THE TRIAL COURT ERRED IN REFUSING TO APPOINT NEW COUNSEL TO REPRESENT DEFENDANT-APPELLANT OR CONDUCT AN INQUIRY INTO THE POTENTIAL CONFLICT OF INTEREST AFTER LEARNING THAT DEFENDANT-APPELLANT HAD FILED A COMPLAINT WITH THE BAR ASSOCIATION AGAINST ASSIGNED COUNSEL, THEREBY VIOLATING DEFENDANT-APPELLANT'S FIFTH, SIXTH AND FOURTEENTH AMENDMENT RIGHTS UNDER THE UNITED STATES CONSTITUTION AND ARTICLE I, SECTION 10 OF THE OHIO CONSTITUTION.

Third Assignment of Error

THE TRIAL COURT ERRED IN REFUSING TO GRANT DEFENDANT-APPELLANT'S MOTION TO WITHDRAW HIS NO CONTEST PLEA, THEREBY VIOLATING DEFENDANT-APPELLANT'S FIFTH, SIXTH AND FOURTEENTH AMENDMENT RIGHTS UNDER THE UNITED STATES CONSTITUTION AND ARTICLE I, SECTION 10 OF THE OHIO CONSTITUTION.

Fourth Assignment of Error

DEFENDANT-APPELLANT WAS DENIED THE EFFECTIVE ASSISTANCE OF COUNSEL IN VIOLATION OF THE SIXTH AND FOURTEENTH AMENDMENTS TO THE UNITED STATES CONSTITUTION AND ARTICLE I, SECTION 10 OF THE OHIO CONSTITUTION.

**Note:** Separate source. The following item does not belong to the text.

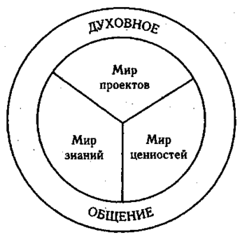 Таким образом, содержание духовной культуры определяется строением духовной деятельности человека. Как показал ее системный анализ, она охватывает способы освоения субъектом объективной реальности, которые являются необходимыми и достаточными для обеспечения подлинного и полноценного человеческого бытия, — это три вида субъектно-объектного отношения: 1) познание мира; 2) его ценностное осмысление; 3) идеальное преобразование (проектирование желаемого). Необходимое для всего этого межсубъектное взаимодействие людей — их духовное общение.

We need not address Mr. Charlton's remaining assignments of error as they have been rendered moot by our disposition of his fifth assignment of error. See App.R. 12(A)(1)(c).

III. Mr. Charlton's fifth assignment of error is sustained. His first through fourth assignments of error are rendered moot by this court's disposition of Mr. Charlton's fifth assignment of error. See App.R. 12(A)(1)(c). The judgment of the Lorain County Court of Common Pleas is reversed and the cause remanded for further proceedings consistent with this decision.

The Court finds that there were reasonable grounds for this appeal.

We order that a special mandate issue out of this Court, directing the Court of Common Pleas, County of Lorain, State of Ohio, to carry this judgment into execution. A certified copy of this journal entry shall constitute the mandate, pursuant to App.R. 27.

Immediately upon the filing hereof, this document shall constitute the journal entry of judgment, and it shall be file stamped by the Clerk of the Court of Appeals at which time the period for review shall begin to run. App.R. 22(E).

Costs taxed to Appellee.

WILLIAM G. BATCHELDER, BAIRD, J., SLABY, J. CONCUR.